Data from DeFiLlama, a DeFi (or decentralized finance) aggregator, shows that the TVL in Ethereum’s liquid restaking was about $284 million at the start of the year. But by December 15, the figure had flourished to reach an impressive $17.26 billion.
What’s boosted this liquid restaking trend is the introduction of liquid restaking tokens (LRTs). These LRTs make it less complex for you to stake your Ether (ETH) and get more out of your investment in DeFi.

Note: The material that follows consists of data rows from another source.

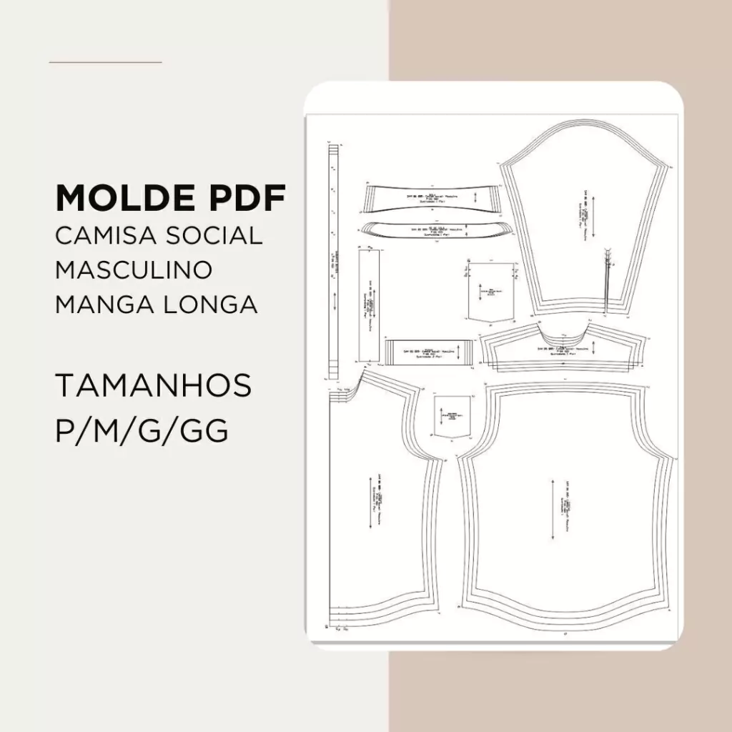 -Arquivo PDF modelagem Camisa social Masculino Tamanhos P,M,G,GG em A4 separado tamanho por tamanho.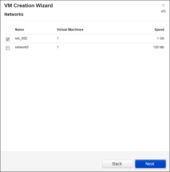 1. On the Networks page, select the shared networks to attach to the VM. For more information, see the Planning Virtual Machine Networks section of the everRun’s User’s Guide. Click Next.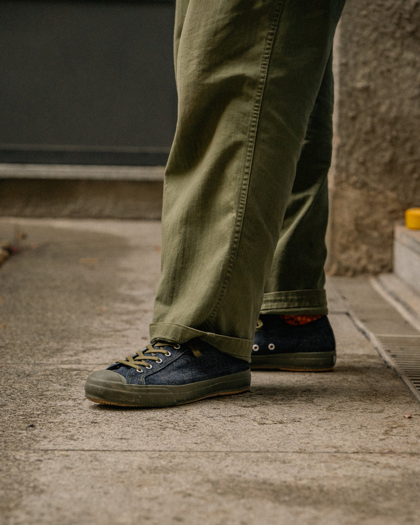 The Champion sneaker is built with traditional vulcanized construction at the renowned Moonstar factory in Kurume, Japan. Each pair features double-thick vulcanized soles, reinforced edges, and double stitching at every stress point. The result is a shoe that combines rugged durability with refined craftsmanship, ready for everyday wear or any adventure ahead.
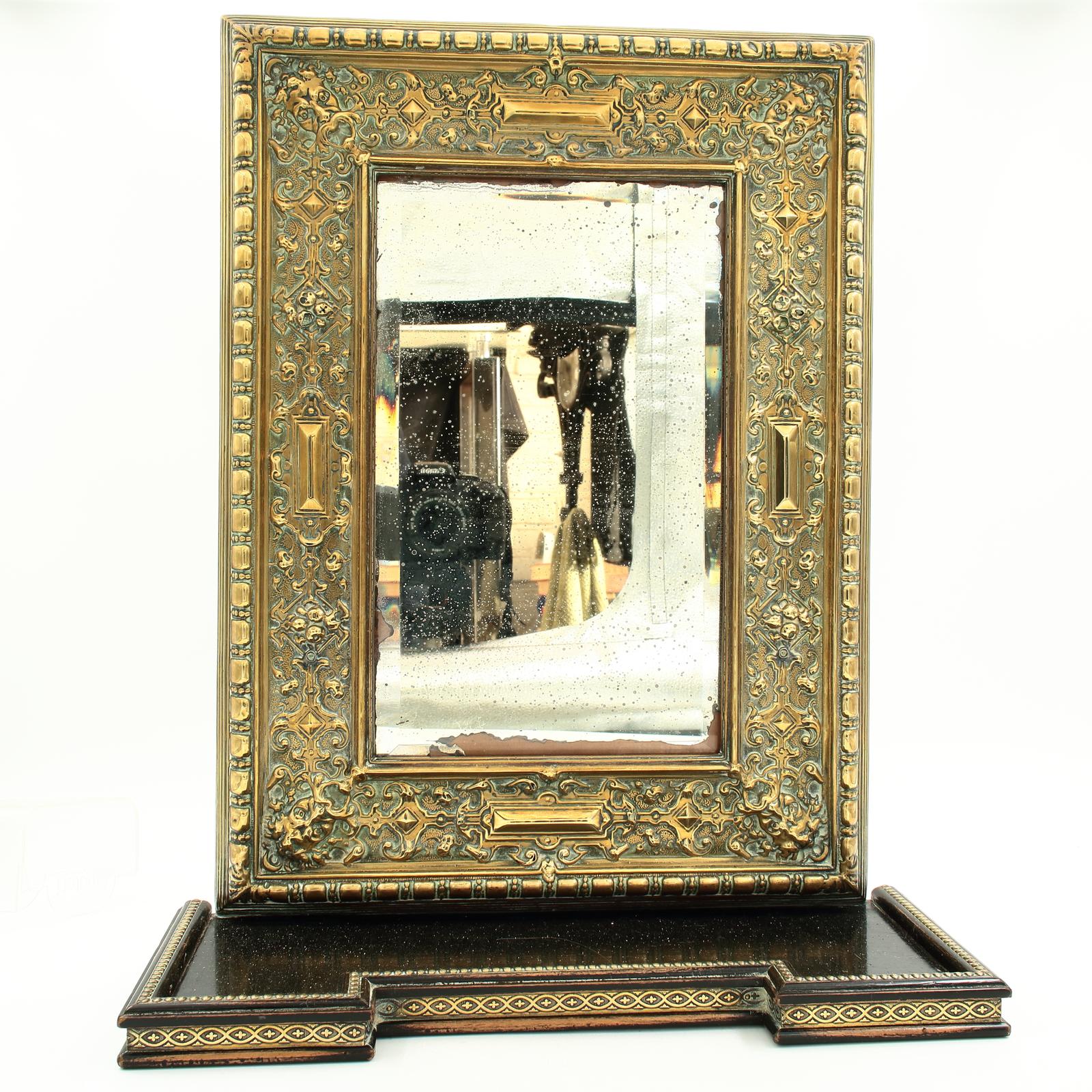 Wonderfully decorative pressed brass antique wall mirror with beautiful rococo style decorations to brass frame, attractive wear and oxidation to mirror backplate, and an ebonized wood shelf. A statement piece for your wall that won't fail to impress.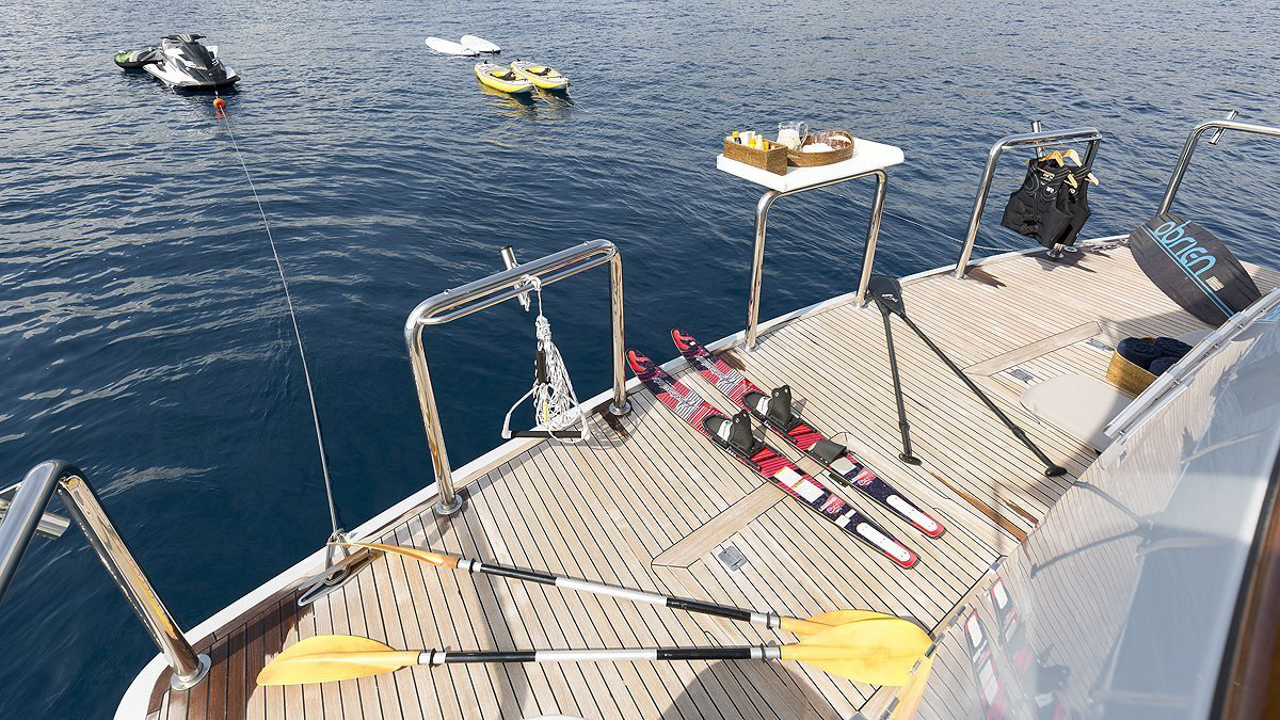 Below is the extended swimming platform, accessed from the main deck by a to port stairwell. This large swimming platform comes complete with an ice maker, making it ideal for fishing.

Here’s how it works: In liquid staking, if you want to maintain access to your resources while being involved in network security, you’ll get derivative tokens that represent the value of what you’ve staked. Then, you can use these tokens for other DeFi activities like trading or lending, which means you still have liquidity.
With LRTs, there’s an added benefit. If you’ve already staked ETH to secure Ethereum, you could also stake the derivative tokens you got to help secure a specific blockchain application or layer-2 network.
However, LRTs do come with some risks. The value of derivative tokens can be affected by depegging or price volatility. This risk grows with LRTs because they’re exposed to several networks. And, if one network fails, it could lead to more considerable losses.
Ether.fi is the top dog in the LRT market, holding over 50% of the market’s TVL. According to DeFiLlama, this platform has about $9.17 billion of restaked assets. Industry experts credit Ether.fi’s popularity to its super straightforward restaking model, making it easy for everyone to benefit.